The metastasis of poorly differentiated epithelioid carcinoma to the axillary node is uncommon. This tumor has heterogeneous expression and is challenging to diagnose with certainty. Often, it necessitates immunoperoxidase staining to ascertain the tumor lineage, and diagnosis is prolonged due to low suspicion.

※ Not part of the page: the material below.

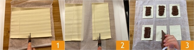 Para preparar as múmias de Nutella e bananas, a primeira coisa a fazer é desenrolar a massa folhada retangular sobre uma superfície de trabalho. Agora, corte 6 retângulos grandes de 10x5 cm 1 e com o restante da massa corte tiras de cerca de 1 cm de espessura 2. Com a ajuda de um saco de confeiteiro, distribua a Nutella nos retângulos, deixando uma borda livre 3.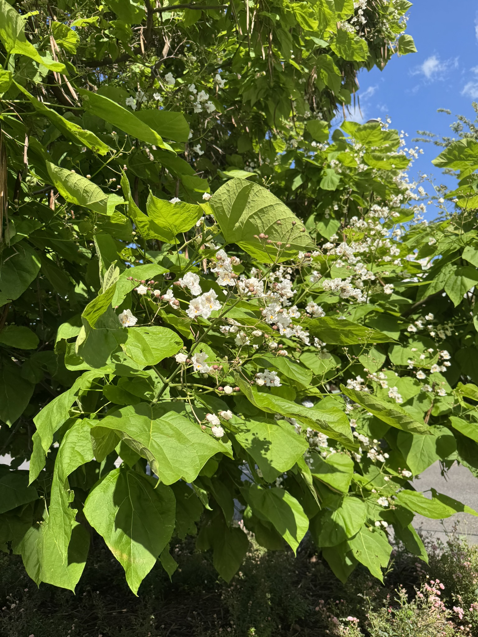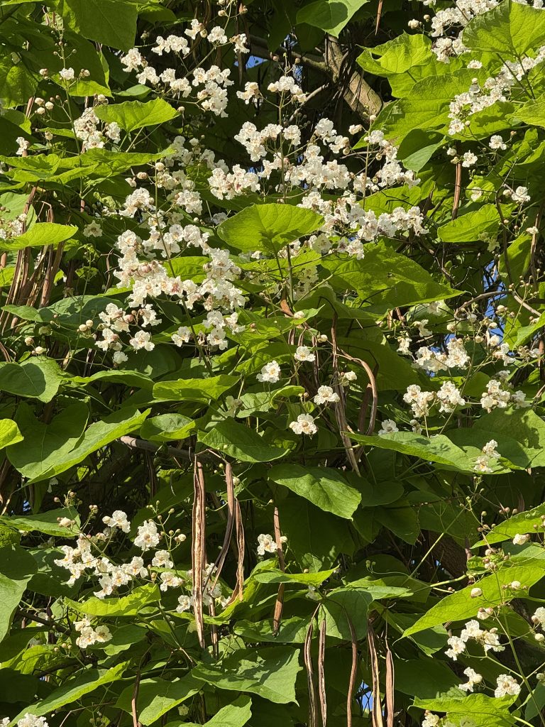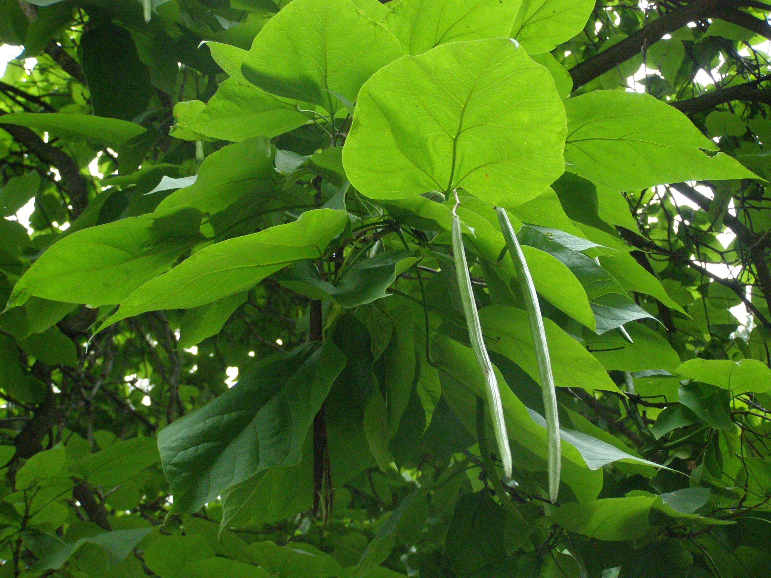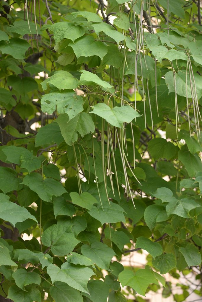 Bloom, fruit: It blooms from June to July with abundant panicles of white blossoms with purple-yellow tinge. The fruits are up to 45 cm long, narrow, brown capsules containing a number of small, elongated, fluffy seeds.

Herein, we present a case involving a 75-year-old male war veteran with a prior history of a gunshot wound complicated by colostomy that presented with an axillary mass, fecal and urinary incontinence, leg weakness, fevers, night sweats, and substantial weight loss. On admission, he had heightened leukocytosis (43K), anemia (hemoglobin 6.6), and thrombophilia (1000). This patient constantly picked at his back to remove recurrent "gun shrapnel" eruptions. An excisional biopsy of the axillary mass was performed for diagnosis and lymph node removal. Notably, after excision, there was marked improvement in the presenting symptoms. Diagnostic challenges arose due to the tumor cells' inconsistent immunohistochemical marker expression. The staining patterns alluded to metastatic melanoma. Yet, the tumor displayed epithelial characteristics, supported by an immunophenotypic marker pattern indicative of poorly differentiated carcinoma. This case underscores the morphological and immunoperoxidase staining similarities between poorly differentiated carcinoma and dedifferentiated tumors of varying origins. It illustrates the intricate nature of these malignant metastatic tumors and their overlapping manifestations, which requires provider awareness. The timely diagnosis of poorly differentiated epithelial carcinoma remains paramount to early treatment and improved prognosis. Therefore, in patients manifesting with an axillary mass, fecal and urinary incontinence, and B-symptoms, poorly differentiated epithelial carcinoma should be included in the differential diagnosis.

恶性上皮样肿瘤与分化型恶性黑色素瘤:一份病例报告。
分化不良的上皮样癌转移到腋窝结节的情况并不常见。这种肿瘤表现不一,很难确诊。通常需要通过免疫过氧化物酶染色才能确定肿瘤的系谱,而且由于怀疑度低,诊断时间也会延长。在此,我们介绍一例 75 岁男性退伍军人的病例,他曾有枪伤史,并发结肠造口术,表现为腋窝肿块、大小便失禁、腿部无力、发热、盗汗和体重大幅下降。入院时,他的白细胞增多(43K)、贫血(血红蛋白 6.6)和血栓性疾病(1000)。该患者经常抠背,以去除反复出现的 "枪弹片 "糜烂。为了确诊和切除淋巴结,对腋窝肿块进行了切除活检。值得注意的是,切除术后,患者的症状明显好转。由于肿瘤细胞的免疫组化标记物表达不一致,诊断面临挑战。染色模式显示为转移性黑色素瘤。然而,肿瘤显示出上皮特征,免疫表型标记物模式显示为分化不良癌。该病例强调了分化不良癌和不同来源的去分化肿瘤在形态学和免疫过氧化物酶染色方面的相似性。它说明了这些恶性转移性肿瘤错综复杂的性质及其重叠的表现,这需要提供者提高认识。及时诊断分化不良上皮癌仍是早期治疗和改善预后的关键。因此,对于表现为腋窝肿块、大小便失禁和B型症状的患者,应将分化不良上皮癌纳入鉴别诊断。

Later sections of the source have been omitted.